POR ING. HÉCTOR CASTRO GALLEGOS
Durante los últimos ocho años el sistema bancario ha vivido una bonanza extraordinaria.
Las utilidades han crecido de manera sostenida, alcanzando cifras históricas que los propios informes financieros celebran como señal de solidez. Pero mientras los balances bancarios sonríen, una generación entera mira esos números con una mezcla de incredulidad y enojo.
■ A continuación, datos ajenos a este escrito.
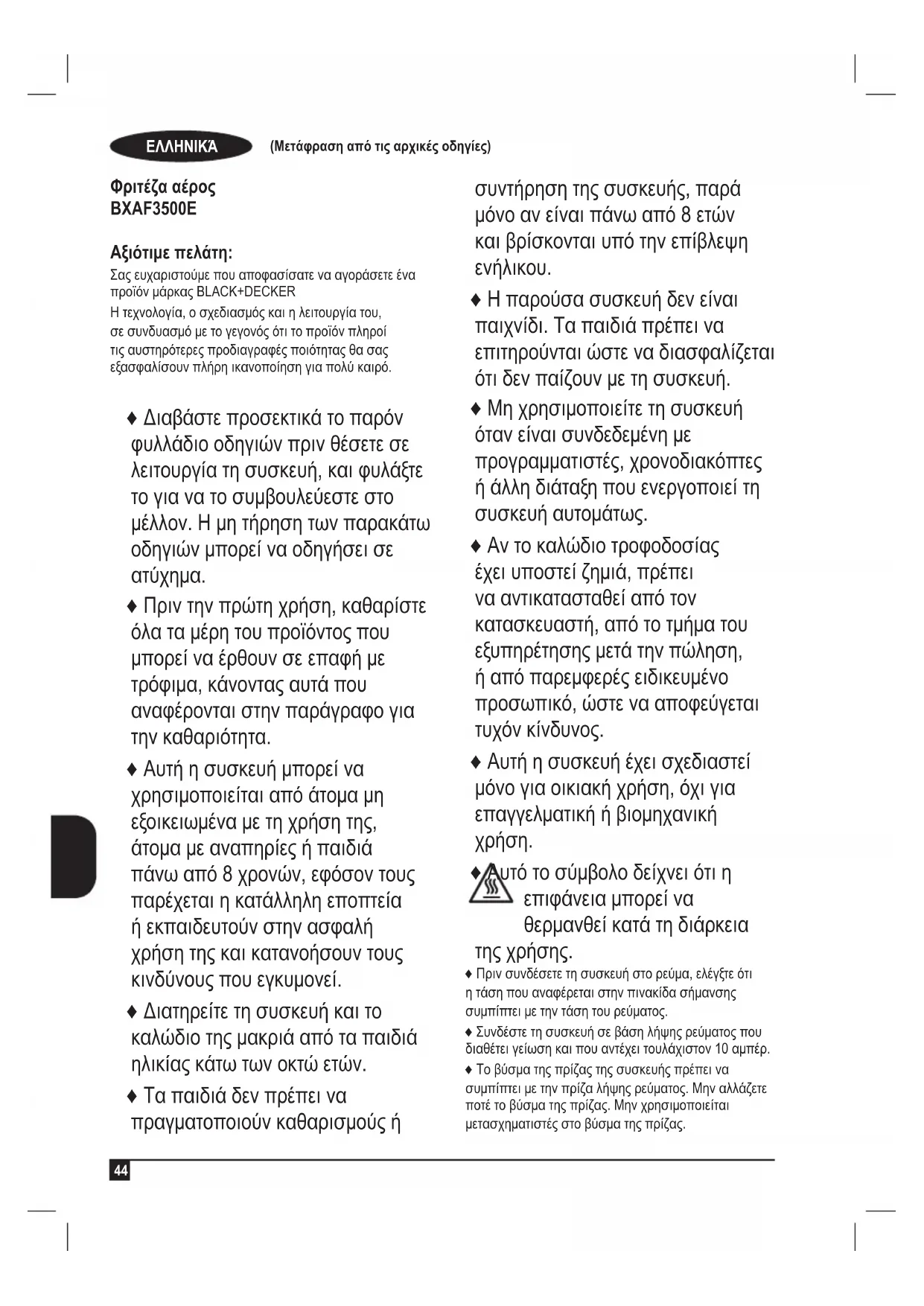 Φριτέζα αέρος BXAF3500E Αξιότιμε πελάτη: Σας ευχαριστούμε που αποφασίσατε να αγοράσετε ένα προϊόν μάρκας BLACK+DECKER Η τεχνολογία, ο σχεδιασμός και η λειτουργία του, σε συνδυασμό με το γεγονός ότι το προϊόν πληροί τις αυστηρότερες προδιαγραφές ποιότητας θα σας εξασφαλίσουν πλήρη ικανοποίηση για πολύ καιρό. ♦ Διαβάστε προσεκτικά το παρόν φυλλάδιο οδηγιών πριν θέσετε σε λειτουργία τη συσκευή, και φυλάξτε το για να το συμβουλεύεστε στο μέλλον. Η μη τήρηση των παρακάτω οδηγιών μπορεί να οδηγήσει σε

Para los jóvenes, la pregunta es simple: ¿Cómo puede un sistema ganar tanto dinero en una sociedad donde cada vez es más difícil pagar la renta, ahorrar o iniciar un negocio? La respuesta que muchos encuentran es incómoda: gran parte de esa riqueza proviene precisamente de la fragilidad económica de millones de personas.
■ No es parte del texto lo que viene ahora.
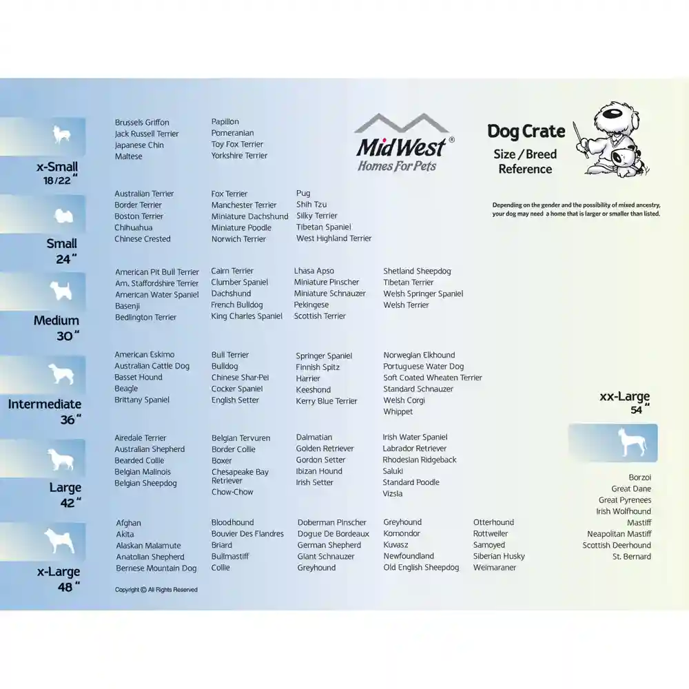 Contour® Crates wire dog crates provide a personal, den-like space for dogs and are useful for housebreaking, puppy training, and travel. The safety and security of the slide-bolt latch combines with the exclusive LapLock Technology, which creates multiple lock points around the door. The easy-to-install divider panel can be used to adjust the living space for a puppy. Contour® Crates come in single- and double-door options with seven sizes for toy breeds to extra-large breeds.
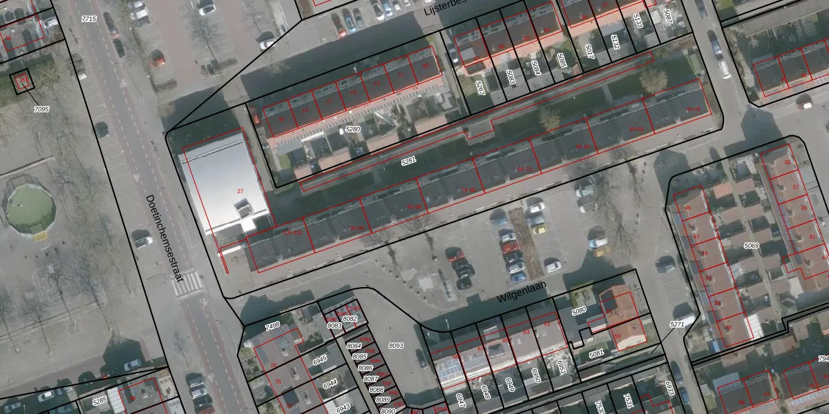 Wilgenlaan 82 is gelegen op kadastraal perceel MDH00B5281. Deze kadastrale aanduiding is uniek en wordt gebruikt door het Kadaster om eigendomsrechten en andere zakelijke rechten vast te leggen. Het perceel maakt onderdeel uit van de kadastrale gemeente Middelharnis.

Las comisiones se multiplican, los intereses de las tarjetas se disparan y los créditos personales se convierten en cadenas financieras que duran años. Desde la mirada juvenil, el banco dejó de ser un aliado para convertirse en un intermediario que prospera administrando la deuda permanente de la gente.
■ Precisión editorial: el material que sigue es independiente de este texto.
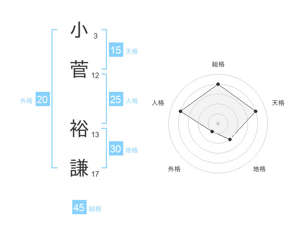 小菅 裕謙さんの総格は45画の4点!

No financia sueños; administra obligaciones.
La crítica de los jóvenes no es una consigna ideológica ni un discurso romántico contra el capital.
Es una observación nacida de la experiencia cotidiana.
Quien intenta emprender se encuentra con barreras crediticias.
Quien busca comprar una vivienda descubre que los intereses convierten el proyecto en una deuda casi vitalicia. Quien simplemente quiere manejar su dinero termina pagando por cada movimiento.
Lo que indigna no es sólo la ganancia, sino la desproporción.
En una época marcada por la precariedad laboral, la informalidad creciente y salarios que avanzan más lento que la inflación, ver a los bancos reportar utilidades récord provoca una pregunta inevitable entre los jóvenes: ¿Para quién funciona realmente este sistema?
Las nuevas generaciones crecieron en un mundo digital donde todo puede transformarse rápidamente.
Por eso observan al sistema bancario tradicional como una estructura pesada, lenta y protegida por reglas que parecen diseñadas más para preservar privilegios que para incentivar la competencia o la innovación.
De ahí que muchos jóvenes estén mirando hacia alternativas financieras: fintech, pagos digitales o nuevas formas de administrar dinero fuera de la banca tradicional. No porque crean que esas soluciones son perfectas, sino porque representan algo que el sistema bancario parece haber olvidado: escuchar al usuario. Lo que está ocurriendo es, en el fondo, un choque generacional.
Mientras los bancos celebran ocho años de utilidades extraordinarias, una generación empieza a preguntarse si ese éxito no es también la evidencia de un sistema que se volvió demasiado cómodo con la desigualdad.
Y cuando una generación deja de confiar en una institución, el problema ya no es económico. Es histórico.